Cisco closed out its fiscal 2012 strong, beating analyst estimates for both sales and profit in its fourth quarter thanks to better-than-expected gains in the U.S., emerging markets and the service provider segment.
CEO John Chambers told analysts during Cisco's fourth-quarter conference call yesterday that the performance suggests signs of improving, if still-cautious, customer spending.
For its fiscal fourth quarter, Cisco posted $US11.7 billion in revenue, up 4.4 percent from the year-ago quarter's $US11.2 billion. Cisco reported $US1.9 billion in quarterly profit, up nearly 56 percent from fourth-quarter 2011's $US1.2 billion. Both numbers were just above analyst estimates.
The Asia Pacific was one of Cisco's best performing regions for the fourth quarter, up 9 percent along with Japan and China, while the US was up 7 percent and the EMEA region fell 5 percent.
Chambers said Cisco would continue to emphasise its core markets of switching, routing, wireless and security, and build up its other major priorities around collaboration, video, data centre and business architectures.
Market trends, such as customers transitioning from 1 gigabit to 10 gigabit throughput speeds in data networking, are in line with where Cisco is placing bets, Chambers said, and Cisco is also seeing growth in its security profile -- particularly high-end firewalls and its Identity Services Engine (ISE) -- and its Unified Computing System (UCS) data center play, among other specific areas benefiting from those market trends.
"We are not just catching, we are very often driving and leading these transitions," said Chambers, who described Cisco's market share in its key markets as "the best I can remember."

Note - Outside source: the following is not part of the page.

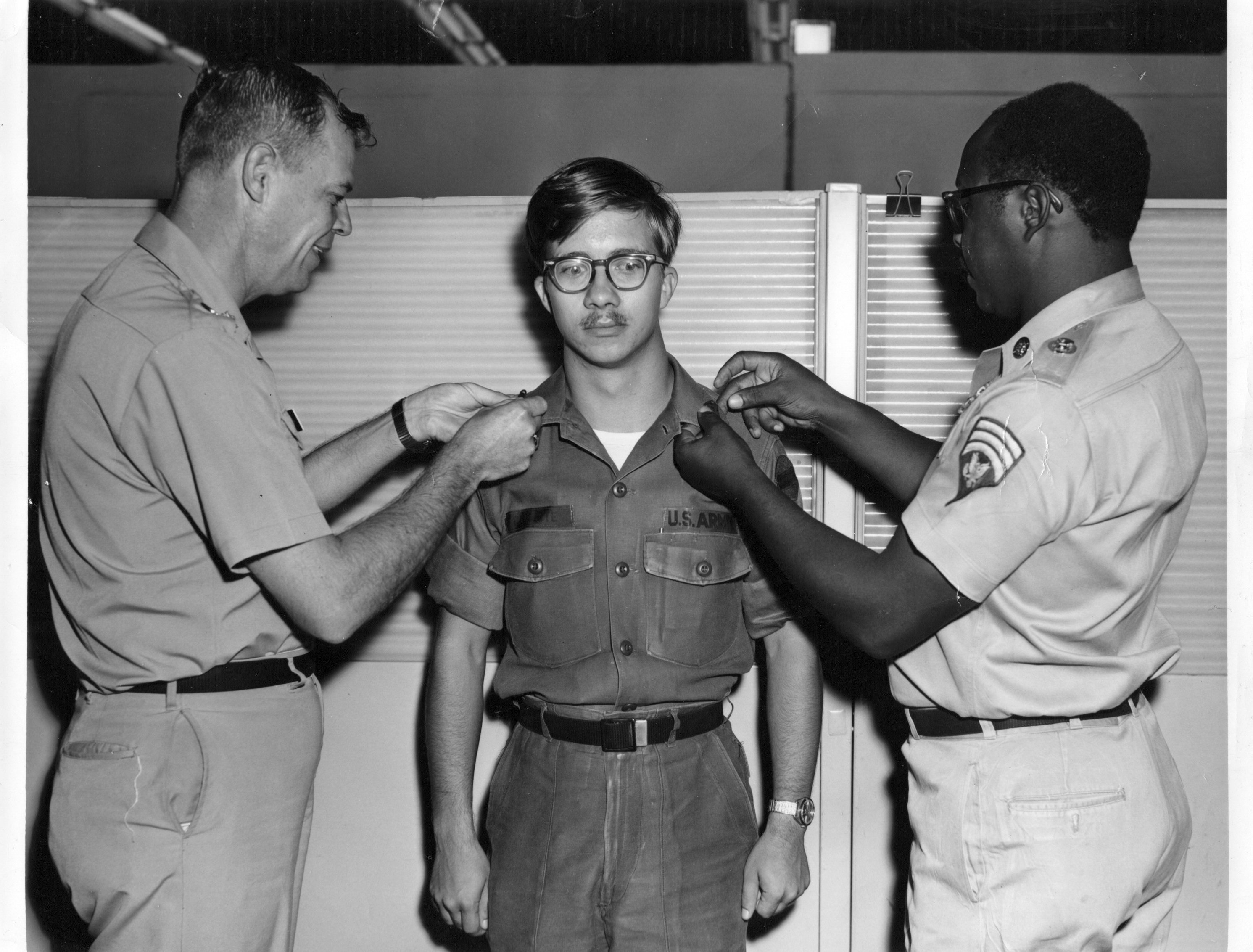 U.S. Army enlisted promotion, CONTIC, FT.Bragg, N.C. 1972

For the full year 2012, Cisco posted $US46.1 billion in revenue, up 7 percent over 2011, and $US8 billion in profit, up 24 percent. Cisco saw gains in all of its major product lines during the full year, including 3 percent in switching, 2 percent in routing, 3 percent in collaboration, 19 percent in wireless, 12 percent in security and 87 percent in data centre.
Discussion of Cisco's headcount has largely centered on the more than 13,000 employees it parted with over the past year, and the recent declaration that Cisco would cut an additional 1,300 people. But according to Cisco, it added another 1,400 in headcount during the fourth quarter -- more than half in emerging markets -- and will be ending the year with 66,639 employees.
Cisco shares jumped 9 percent to $18.93 following the announcement yesterday.
Partnerships and virtualisation
Cisco will also continue to emphasise its partnerships, and Chambers called out data centre, virtualisation and software partnerships with Citrix, Microsoft, EMC and NetApp among the highlights. VCE, Cisco's contentious joint venture with EMC for developing Vblock converged infrastructure, saw order growth of about 50 percent during the quarter and is having "very strong" traction, Chambers said.
During the earnings call, Cisco was asked several times about the emerging software-defined networking (SDN). Chambers argued Cisco has set the pace for virtualisation's role in the network.
"We saw virtualisation coming early," he said, citing Cisco's 2009 introduction of the Nexus 1000V switch. "Our view [of SDN] is that you're looking at multiple years out in terms of impact one way or the other."
"We think the future is going to be hardware and software combined," added Chambers, who also proclaimed faith in Cisco's relationship with VMware despite VMware's potentially competitive $US1.2 billion acquisition of SDN player Nicira. "Our goal is to lead this evolution along with our partners."
Among other product highlights and lowlights during the quarter, Cisco saw an 8 percent decline in collaboration, which Chambers attributed to decreased spending on video telepresence largely in public sector and European markets. On the flipside, however, Cisco Jabber -- the company's platform for embedding UC functions onto various devices and operating systems -- has gained what Chambers called "significant traction," and has seen an increase of 55 percent in licensing volume.
Another major highlight for Cisco during its fiscal 2012 was its expanding services portfolio. Smart Services, around which Cisco launched a sweeping new partner program at this year's Cisco Partner Summit, grew orders 240 percent during the year.
For its fiscal first quarter 2013, Cisco projected revenue growth to be 2 percent to 4 percent, excluding any potential benefit from its recent $US5 billion acquisition of U.K. media software powerhouse NDS. Cisco CFO Frank Calderoni said that NDS is expected to be a $US200 million revenue contributor, and with NDS counted, Cisco will grow 4 to 6 percent year over year in Q1 FY 13.
Cisco noted continued improvements in the Americas and Asia Pacific, Japan and China segments, though kept to a grim forecast for Europe -- which "is going to get worse before it gets better," Chambers noted -- and the federal government.